### Task requirements
All that is wanted is the exact text of the lines below from the one with "Кардиган Модель 5030" through the one with "The first stop", inclusive, minus any pictures.

### Source data
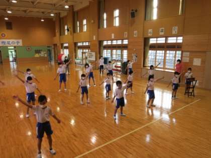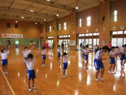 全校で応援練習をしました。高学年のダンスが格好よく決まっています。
* * *
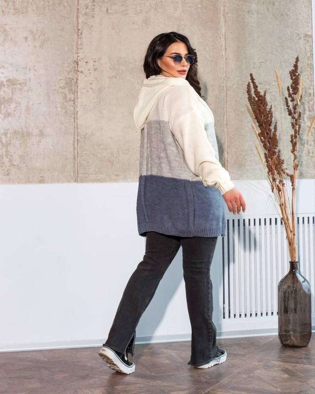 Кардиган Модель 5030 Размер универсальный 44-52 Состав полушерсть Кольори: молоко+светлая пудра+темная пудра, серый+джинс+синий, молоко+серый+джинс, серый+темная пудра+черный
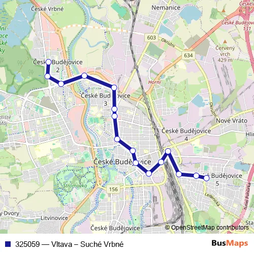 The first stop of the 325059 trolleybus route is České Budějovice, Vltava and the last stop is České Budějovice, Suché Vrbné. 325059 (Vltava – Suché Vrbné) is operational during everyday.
...
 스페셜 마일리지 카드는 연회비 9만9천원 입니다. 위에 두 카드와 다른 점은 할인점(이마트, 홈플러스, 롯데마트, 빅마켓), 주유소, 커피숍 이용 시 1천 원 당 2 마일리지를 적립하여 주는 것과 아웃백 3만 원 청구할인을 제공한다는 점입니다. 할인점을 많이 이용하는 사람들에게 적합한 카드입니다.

### Answer section
 Кардиган Модель 5030 Размер универсальный 44-52 Состав полушерсть Кольори: молоко+светлая пудра+темная пудра, серый+джинс+синий, молоко+серый+джинс, серый+темная пудра+черный
 The first stop of the 325059 trolleybus route is České Budějovice, Vltava and the last stop is České Budějovice, Suché Vrbné. 325059 (Vltava – Suché Vrbné) is operational during everyday.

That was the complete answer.